XVI Domingo de Tiempo Ordinario
Por: P. Miguel Ángel Ramírez González
Uno de los más reconocidos escritores franceses contemporáneos, vivió una crisis de fe siendo apenas un adolescente. Vivía en Argel, al norte de África, y caminaba con un amigo a la orilla del mar. De repente vieron a un grupo de gente alborotada. En el suelo yacía el cadáver de un niño árabe, aplastado por un autobús. La madre daba alaridos y el padre guardaba, hundido en silencio. El joven volteó hacia a su amigo, y luego de un silencio, señaló el cuerpo del niño, miró después el cielo y dijo a su amigo: “Mira, el cielo no responde”. Este escritor era nada menos que el ganador del premio Nobel de literatura en 1957, Albert Camus, a quien le sacudía el aparente silencio de Dios ante el sufrimiento de los inocentes, idea que desarrollará más tarde en su novela “La Peste”. Para él la muerte es un absurdo, porque la vida lo es, y la única manera de vivir esta existencia es mediante la rebelión.

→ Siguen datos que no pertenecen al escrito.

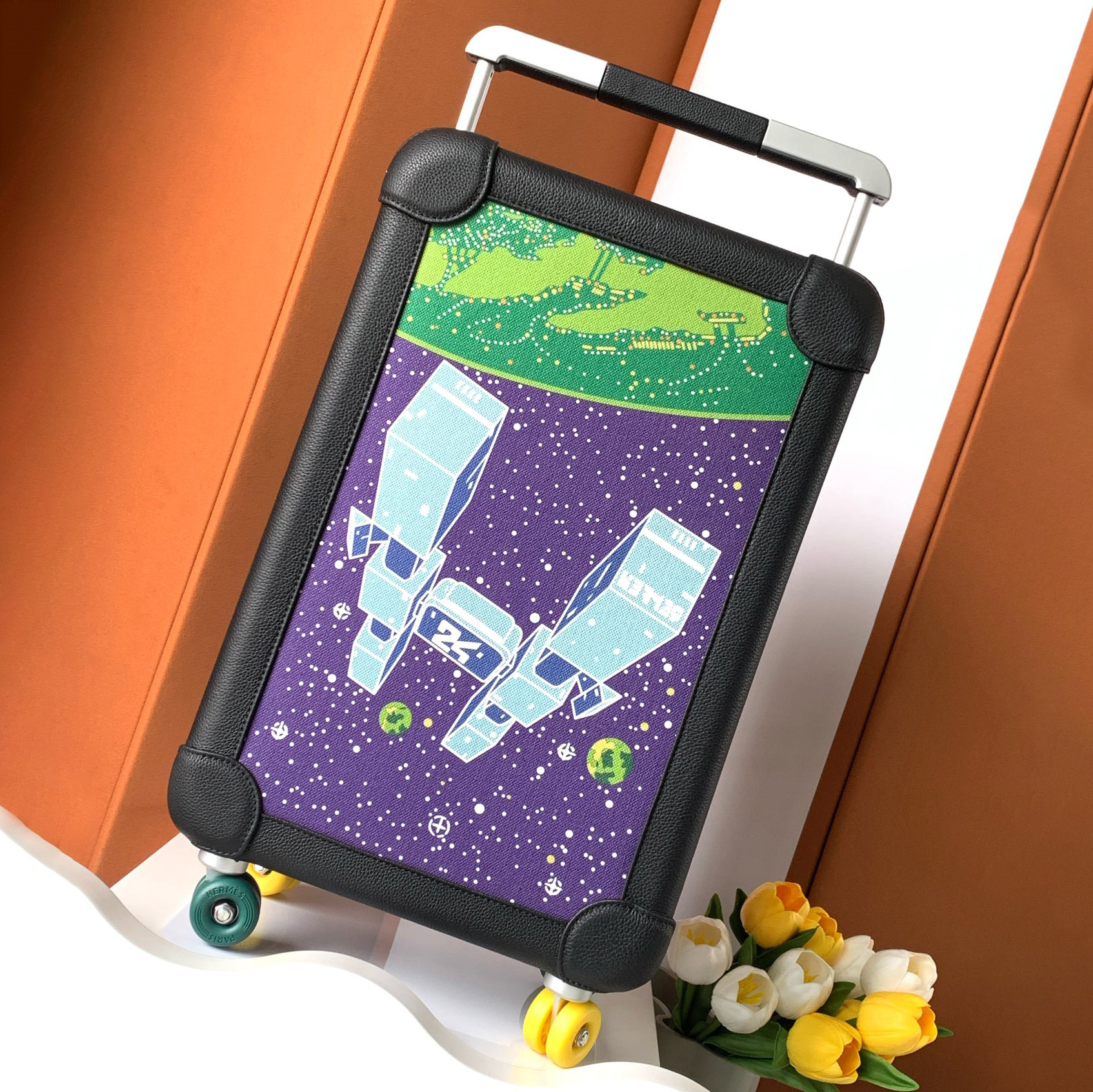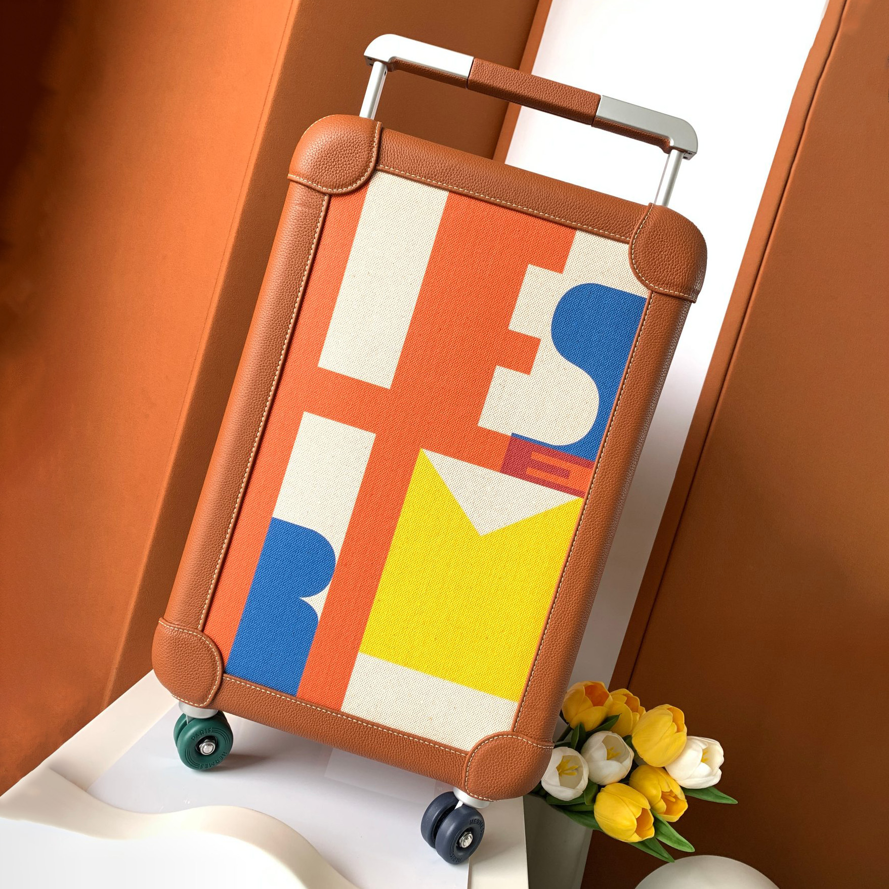 NIGO Hermes R.M.S Classic Fashion Pattern Printed Pull-along Canvas Cowhide Leather Luggage Bags #nigo78183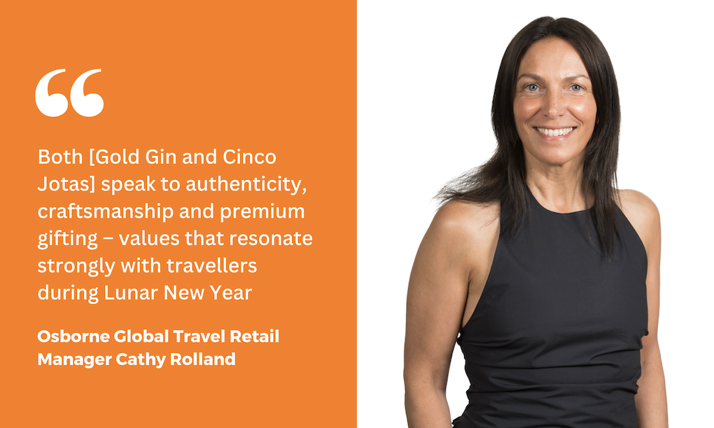 Osborne Global Travel Retail Manager Cathy Rolland said, “Lunar New Year is an extremely important and dynamic period for travel retail, and Gold Gin is perfectly positioned to resonate with travellers seeking something special – whether for gifting or self-indulgence.

Famosísima es su frase que decía: “Dios niega al mundo y yo niego a Dios. ¡Viva la nada, puesto que es lo único que existe!»
Pero, las preguntas sobre el mal y el sufrimiento no son nuevas, están en el corazón del hombre de todos los tiempos que, tarde o temprano, se pregunta: ¿por qué sufre el inocente? Si Dios existe, ¿por qué permite el mal?, ¿Por qué aparentemente triunfan siempre los malos? Y Dios ¿tiene algo que decirnos sobre esto? Preguntas que ni siquiera Job obtiene respuestas.
Pues bien, nosotros señalamos que nuestra única fuente “directa” para poder encontrar cierta luz a este misterio está en la vida, la muerte y la resurrección de Jesús. La vida del Nazareno, así como su Pascua, son la respuesta a todas las preguntas que los hombres se han hecho sobre esto.
Vittorio Messori preguntó al Papa Juan Pablo II su opinión sobre este tema en una entrevista. La respuesta del Papa fue tan radical como lo es el problema: para Juan Pablo II, el hecho de que Cristo haya permanecido en la cruz hasta el final, significaba que Dios está de parte de los inocentes y los que sufren. De modo que, al final, el Papa Juan Pablo II señaló: “Si no hubiera existido esa agonía en la cruz, la verdad de que Dios es Amor estaría todavía por demostrarse”. Juan Pablo II afirma que Dios se hizo aliado de todos los sufrientes, cuando pendía de la Cruz, sufriendo y muriendo en ella, por lo que demostró la fuerza del amor salvador de Dios, y signo de la vida que brota de ella.
Lo que el Papa señalaba con esa frase es que Dios está en la Cruz acompañando a todos los sufrientes de la historia, pues no solamente subió a la cruz, sino que padeció la agonía y probó la misma muerte de todo hombre, pecador o inocente. Dios no habló sobre el sufrimiento, lo colgó de la Cruz; Dios no explicó el por qué del sufrimiento de los inocentes, nos señala a su Hijo inocente, muerto “por nuestros”. Dios no respondió ante las injusticias humanas, se dejó juzgar culpable, siendo inocente. Dios no se ha
quedado callado ante la muerte, la derrotó con la resurrección, para compartir la vida divina con todos los que mueren en el Señor.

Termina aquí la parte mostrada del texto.